By Kathryn Marchocki
Boston Herald
July 26, 1992

They were given gifts their parents couldn't afford. They were taken out to "nice restaurants." And they were told they were being singled out and "God loved" them.

Then they were raped, fondled or molested by their priests, said Barbara Blaine, head of a national group of victims of alleged clerical sexual abuse at a Boston conference yesterday.

"We were told we were special in some way. We were singled out ... And we were vulnerable enough to believe that," said Blaine, chairwoman of the Chicago-based Survivors Network for those Sexually Abused by Priests.

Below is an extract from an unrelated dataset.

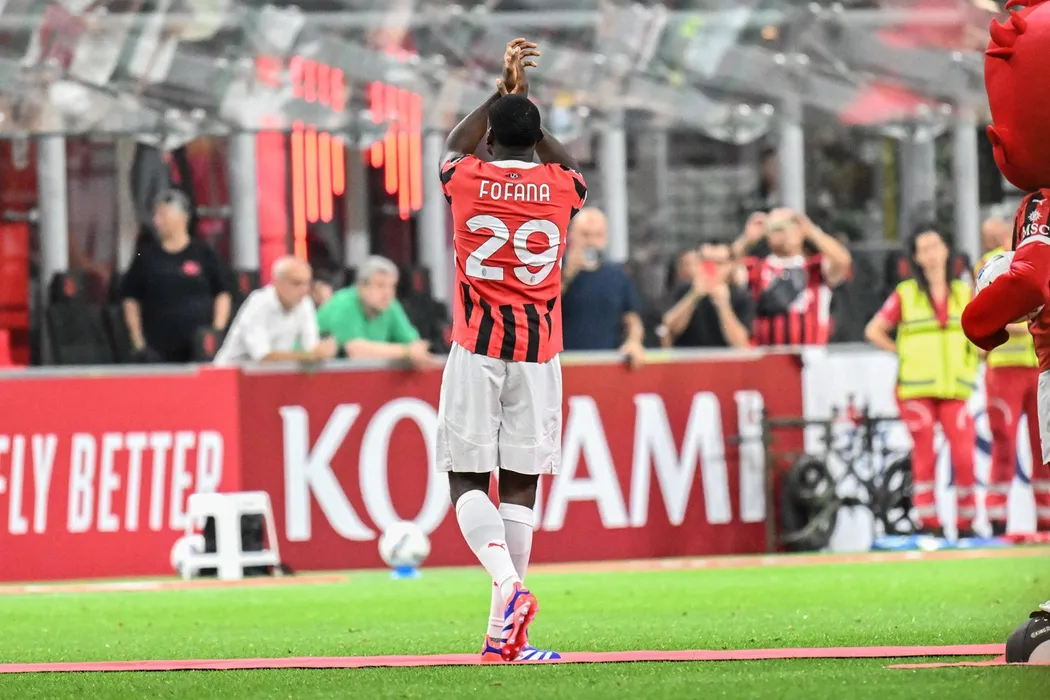 Fofana Ac Milan presented to the public of San Siro during AC Milan vs Torino FC, Italian soccer Serie A match in Milan, Italy, August 17 2024 Copyright: xGianlucaxRicci/IPAxSportx/xipa-ax/xx IPA_48895657 IPA_Agency_IPA48895657,Image: 899557960, License: Rights-managed, Restrictions: PUBLICATIONxNOTxINxITA, Model Release: no

"We feel as children we were sacrificed. We lost a lot of our innocence ... There is no way to reclaim those years," added Blaine, an abuse victim, who founded the group in 1990.

"We question why the church sometimes is more interested in protecting its own image," she said at a press conference. "We are asking the church to acknowledge the reality that this does happen."

The three-day conference being held at Boston University's School of Management through noon today is one of three held nationally to help survivors of abuse in taking the critical first step toward healing - by telling their stories.

Of the estimated 50 men and women who attended, several named priests in the Boston area and in other New England dioceses who they claim had abused them as youths, Blaine said. The accusations were made during the private sessions closed to the media. She kept the priests' names confidential. But she said they are not among those, like the former Rev. James R. Porter, who have been publicly accused of sexual misconduct.

More than 90 people have accused Porter, an ex-priest now living in Minnesota, with raping or molesting them in Minnesota, New Mexico and Massachusetts during the 1960s and 1970s.

Frank Fitzpatrick, 42, one of about 70 people who have accused Porter with assaulting them while he served in Massachusetts parishes, said some alleged victims are forming a non-profit group called Protect the Children.

Boston attorney Roderick MacLeish Jr., who specializes in clerical abuse cases and represents 62 of Porter's alleged victims, said religious institutions have not handled many of these cases well and must start treating it as a legal issue.

MacLeish said he and alleged Porter victims have been negotiating with the Catholic Diocese of Fall River for several weeks and hope to produce a "state of the art" civil settlement that will promote change in the church.

The conference was the first time about 15 of the 50 survivors, as they call themselves, came forward and openly told of the sexual abuse they say happened to them.

"For years, we have suffered in silence, thinking we were the only ones abused," Blaine said.